_TASK TO CARRY OUT_
Copy exactly the lines from the beginning of the data down to and including the line holding "Woznloye Fruhling Herbst", without any pictures.

═══ MATERIAL PROVIDED ═══

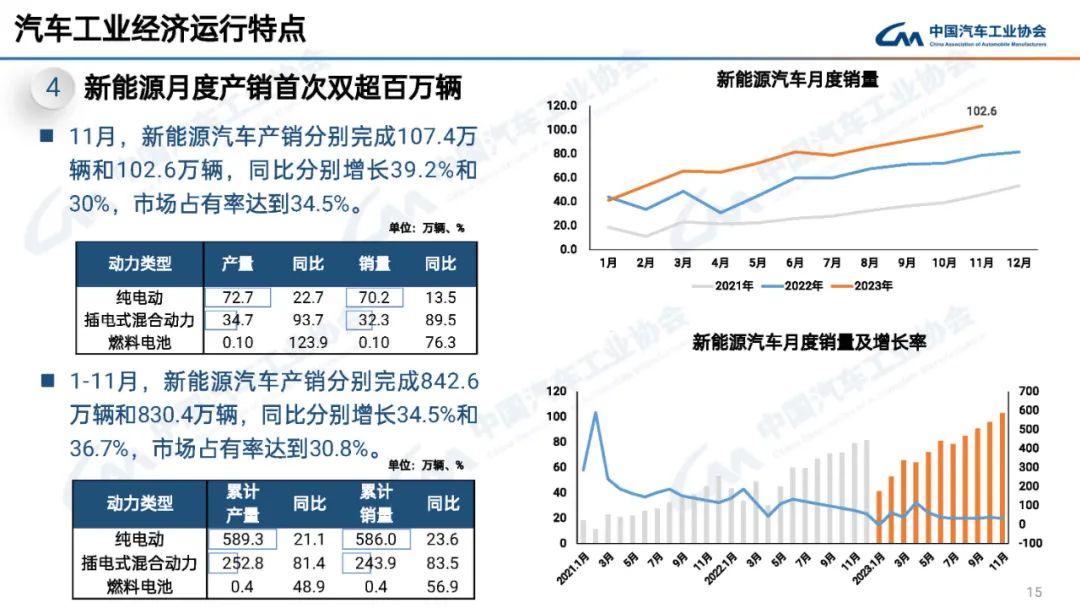 1-11月,新能源汽車產銷分別完成842.6萬輛和830.4萬輛,同比分別增長34.5%和36.7%,市場佔有率達到30.8%。
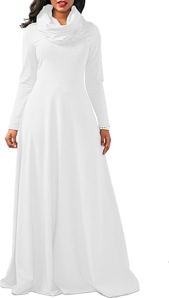 Woznloye Fruhling Herbst Damen Grosse Grosse Kleid Freizeit Einfarbig Lang Kleid Blusenkleider Mode High Neck Langarm Kleider Partykleid Cocktailkleid Ballkleid Abendkleider Amazon De Bekleidung
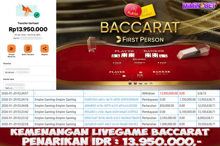 Selamat Kepada User ID : si*****5 yang berhasil mendapatkan Kemenangan besar di LIVEGAME ( Empire Gaming-Live Tiger Baccarat ) Dengan total kemenangan yang berhasil di peroleh yaitu : Rp 13,950,000,- Bukti transfer kemenangan yang kami posting merupakan bukti yang VALID dan SAH karena di dapatkan langsung dari bukti tanda transaksi dari bank yang di tuju / bersangkutan. Kemenangan telah di proseskan setelah melakukan pengisian ( form / formulir ) withdraw. Sebelumnya kami mengucapkan selamat dan berterima kasih kepada Pemenang, karena telah mempercayai situs MIMINBET sebagai BANDAR terpercaya yang sudah membayarkan semua kemenangan member tanpa sisa hingga lunas. Jadi tunggu apa lagi bosku?! Dimana lagi anda bisa jumpai bandar slot dan togel online terbaik dan amanah seperti MIMINBET ?! Bandar yang membayar kemenangan berapa pun tanpa basa basi dan langsung sat set kelar, sat set selesai ^^ Segera bergabung dengan kami MIMINBET, yang dimana ini adalah situs TERBESAR dan TERPERCAYA , Salam JP dan Salam MIMINBET

═══

_TASK RESULT_
 1-11月,新能源汽車產銷分別完成842.6萬輛和830.4萬輛,同比分別增長34.5%和36.7%,市場佔有率達到30.8%。
 Woznloye Fruhling Herbst Damen Grosse Grosse Kleid Freizeit Einfarbig Lang Kleid Blusenkleider Mode High Neck Langarm Kleider Partykleid Cocktailkleid Ballkleid Abendkleider Amazon De Bekleidung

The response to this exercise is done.